→ **Assignment**: Starting at the line that contains "comprend : bâché" and ending at the line that contains "4.5帖(2階)・リビングダイニングキッチン 17.1帖(1階) |", the lines below are to be given again exactly, with nothing added.

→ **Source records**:
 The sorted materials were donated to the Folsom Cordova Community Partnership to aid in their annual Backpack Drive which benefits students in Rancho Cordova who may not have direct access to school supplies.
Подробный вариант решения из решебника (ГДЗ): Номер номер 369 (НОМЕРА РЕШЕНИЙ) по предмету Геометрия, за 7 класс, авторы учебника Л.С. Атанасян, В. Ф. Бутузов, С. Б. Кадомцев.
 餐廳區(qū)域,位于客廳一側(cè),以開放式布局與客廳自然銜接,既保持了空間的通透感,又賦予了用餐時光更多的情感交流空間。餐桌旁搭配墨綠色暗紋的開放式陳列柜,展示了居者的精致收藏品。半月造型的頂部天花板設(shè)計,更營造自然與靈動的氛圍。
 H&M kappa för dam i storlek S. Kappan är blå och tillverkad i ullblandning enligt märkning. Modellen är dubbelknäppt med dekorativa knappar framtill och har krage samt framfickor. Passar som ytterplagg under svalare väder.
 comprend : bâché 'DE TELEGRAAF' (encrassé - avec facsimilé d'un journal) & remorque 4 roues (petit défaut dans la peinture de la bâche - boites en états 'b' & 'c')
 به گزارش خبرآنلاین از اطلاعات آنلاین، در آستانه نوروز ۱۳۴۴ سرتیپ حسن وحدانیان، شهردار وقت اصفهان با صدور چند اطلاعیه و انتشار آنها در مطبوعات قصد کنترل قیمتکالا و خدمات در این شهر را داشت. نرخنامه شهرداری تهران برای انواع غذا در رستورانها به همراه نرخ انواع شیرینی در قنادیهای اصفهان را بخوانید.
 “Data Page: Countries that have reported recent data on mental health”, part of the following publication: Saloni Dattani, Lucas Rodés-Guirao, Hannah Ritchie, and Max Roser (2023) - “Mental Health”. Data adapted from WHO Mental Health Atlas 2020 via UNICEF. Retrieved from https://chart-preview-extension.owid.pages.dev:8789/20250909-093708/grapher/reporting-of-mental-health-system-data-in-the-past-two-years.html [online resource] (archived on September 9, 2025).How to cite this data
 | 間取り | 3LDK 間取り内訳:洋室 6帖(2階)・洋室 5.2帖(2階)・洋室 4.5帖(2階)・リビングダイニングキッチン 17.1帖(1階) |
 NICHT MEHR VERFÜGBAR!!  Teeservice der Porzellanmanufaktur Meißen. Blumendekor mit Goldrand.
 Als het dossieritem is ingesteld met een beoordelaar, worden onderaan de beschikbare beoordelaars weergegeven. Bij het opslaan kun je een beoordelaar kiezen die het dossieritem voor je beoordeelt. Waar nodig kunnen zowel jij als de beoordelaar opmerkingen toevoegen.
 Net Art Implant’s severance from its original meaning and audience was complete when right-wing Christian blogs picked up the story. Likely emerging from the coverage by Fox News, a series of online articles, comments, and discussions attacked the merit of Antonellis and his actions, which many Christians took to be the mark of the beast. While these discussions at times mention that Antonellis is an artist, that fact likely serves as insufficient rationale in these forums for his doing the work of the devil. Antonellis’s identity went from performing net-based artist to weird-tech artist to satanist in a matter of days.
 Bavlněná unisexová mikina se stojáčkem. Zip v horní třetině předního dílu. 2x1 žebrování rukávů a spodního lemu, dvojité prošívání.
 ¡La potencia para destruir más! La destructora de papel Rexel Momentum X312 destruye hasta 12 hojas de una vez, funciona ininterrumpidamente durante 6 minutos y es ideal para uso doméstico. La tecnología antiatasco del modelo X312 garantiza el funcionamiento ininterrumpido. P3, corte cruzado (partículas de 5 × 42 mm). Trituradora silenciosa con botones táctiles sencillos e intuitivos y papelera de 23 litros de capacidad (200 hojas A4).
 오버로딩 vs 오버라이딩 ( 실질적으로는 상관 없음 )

→ **Response**:
 comprend : bâché 'DE TELEGRAAF' (encrassé - avec facsimilé d'un journal) & remorque 4 roues (petit défaut dans la peinture de la bâche - boites en états 'b' & 'c')
 به گزارش خبرآنلاین از اطلاعات آنلاین، در آستانه نوروز ۱۳۴۴ سرتیپ حسن وحدانیان، شهردار وقت اصفهان با صدور چند اطلاعیه و انتشار آنها در مطبوعات قصد کنترل قیمتکالا و خدمات در این شهر را داشت. نرخنامه شهرداری تهران برای انواع غذا در رستورانها به همراه نرخ انواع شیرینی در قنادیهای اصفهان را بخوانید.
 “Data Page: Countries that have reported recent data on mental health”, part of the following publication: Saloni Dattani, Lucas Rodés-Guirao, Hannah Ritchie, and Max Roser (2023) - “Mental Health”. Data adapted from WHO Mental Health Atlas 2020 via UNICEF. Retrieved from https://chart-preview-extension.owid.pages.dev:8789/20250909-093708/grapher/reporting-of-mental-health-system-data-in-the-past-two-years.html [online resource] (archived on September 9, 2025).How to cite this data
 | 間取り | 3LDK 間取り内訳:洋室 6帖(2階)・洋室 5.2帖(2階)・洋室 4.5帖(2階)・リビングダイニングキッチン 17.1帖(1階) |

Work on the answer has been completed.